The relationship between the two is built in a wonderful fashion. For starters Smith never really seems to lose his nerve with Saunders (Arthur). He has roughly three stages with her. First he calls her Miss Saunders, then while writing his bill with her they warm up to the point of him calling her just Saunders like everyone else. It is at this point that Smith seems to step out of his complete buffoonery and is able to look at Saunders as something of an equal. He never completely loses his cool but you can catch a few glances and pauses in his speech that lets us know he is getting slightly distracted with his well qualified secretary. By the end of the film once they are in love does he have the nerve to call her Clarissa, her first name that he learns while writing the bill. Her transition is in a separate trajectory. Smith "wakes up" to the world of politics while Saunders slowly regains her faith in the American dream. Smith makes her a believer just as he had already won over the boys in the country, and as he almost instantly wins us over. She in turn educates him on how to go about getting anything done and is his very noticeable coach, feeding him careful advice during his filibuster that lasts over 23 hours.

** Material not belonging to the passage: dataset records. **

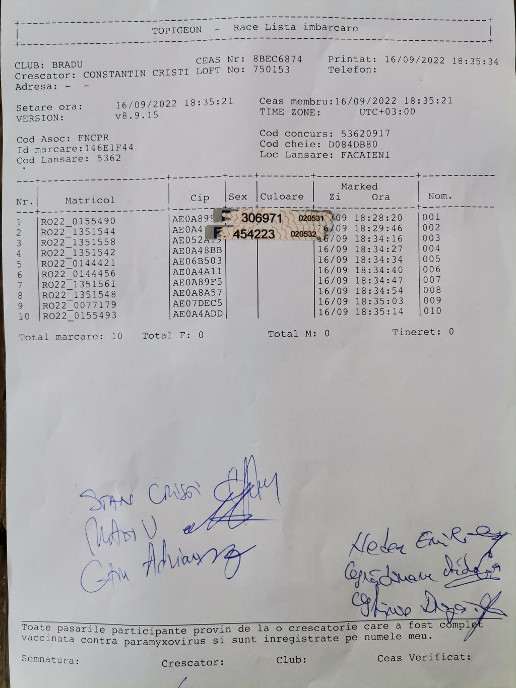 SIGILARE: [Sigilare Costesti] [Sigilare ma?in? et.5 F?c?eni Centrul ?tef?ne?ti ] RECLEMARE: [Aplicare sticker la porumbelul d-lui Marin Stefan ] [Aplicare sticker la porumbelul d-lui Bejan Alin ] [RECLEMARE CONSTANTIN CRISTI] SIGILARE: [DESIGILARE MASINA SOSITA DE LA COSTESTI] [SIGILARE FACAENI] [Desigilare centru Pite?ti ] [Sigilare etapa Facaeni] |
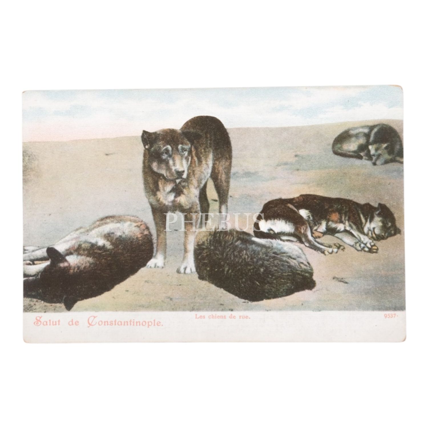 İstanbul´da sokak köpekleri, "Les chiens de rue - Salut de Constantinople", 14x9 cm...
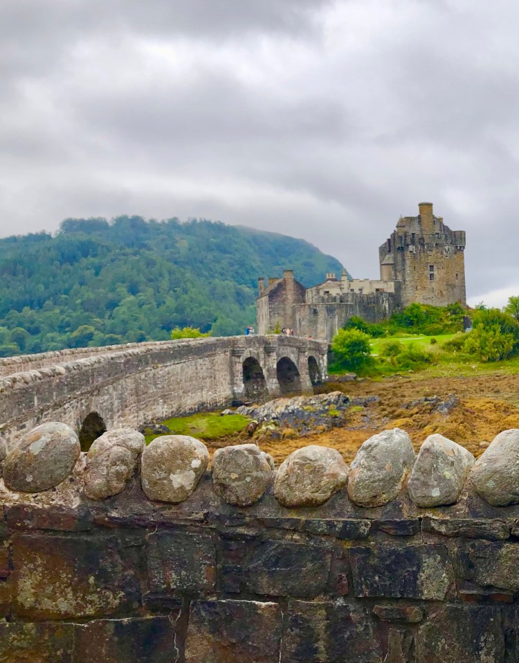 Depois seguimos no sentido Oeste para o Castelo de Elilean Donan. O lugar fica numa pequena ilha com acesso por uma ponte onde originalmente foi construído no século XIII. Muito tempo depois foi usado como fortaleza do Clã Mackenzie e, seus aliados, o Clã MacRae. Mas também durante a Revolução Jacobita foi destruído por canhões de duas fragatas do governo inglês. teve importância histórica no levante Jacobita. De 1912 a 1932 o castelo foi então reconstruído pelo Tenente-Coronel John MacRae-Gilstrap e está aberto para visitação.
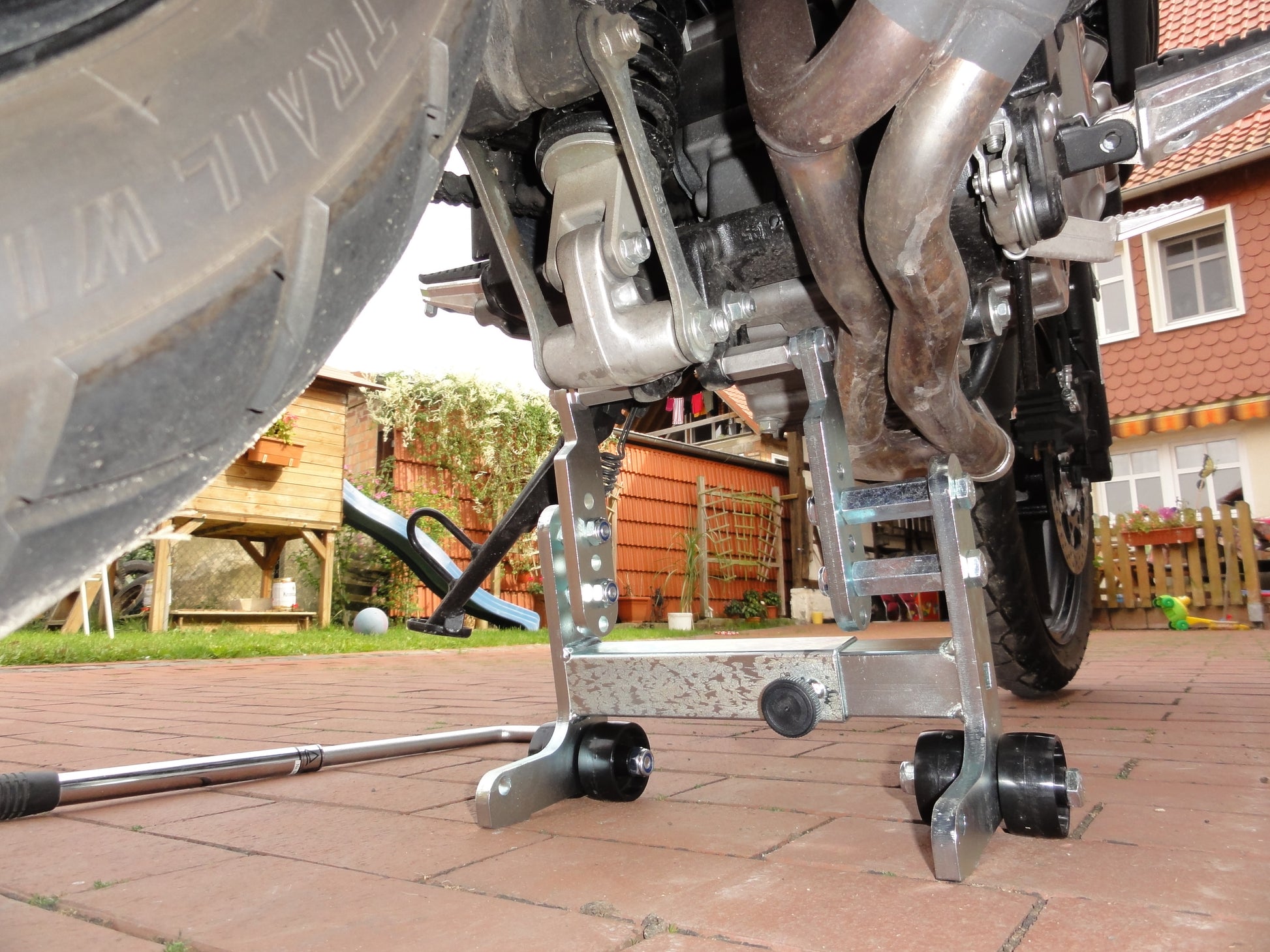 Praktischer Motorradheber zum Anheben der Suzuki DL 650 V-Strom und DL 1000 V-Strom (altes Modell)

Robert Donat won an Oscar in 1939 for his portrayal of an energetic young school teacher who enriches the lives of several generations of boys in Goodbye Mr. Chips, yet Stewart has almost the same character arch in only a matter of weeks, producing the same result of endearing the youngest boy to a senior senator. Stewart is able to be funny in goofy way as well as witty, clumsy and finally confident. His transition is complete and although most people are either won or lost in regards to his coarse voiced final collapse, the performance was commanding from the start. It's nearly impossible not to feel some of his enthusiasm for the capital and this country, although at times like Saunders conveys sometimes you just want to sedate the boy.

I found myself at odds with a friend of mine who had only recently started watching Capra's films. He hated Mr. Smith and desperately wanted Gary Cooper to kill himself at the end of Meet John Doe. Perhaps there is a cynicism in him that can't express the deliberately populist sentiments in Capra's films. However I find it nearly impossible not to love his films, particularly this one. It reminds me that at least at one point in time this country stood for something and that maybe we all can individually defeat the Taylor's of the world.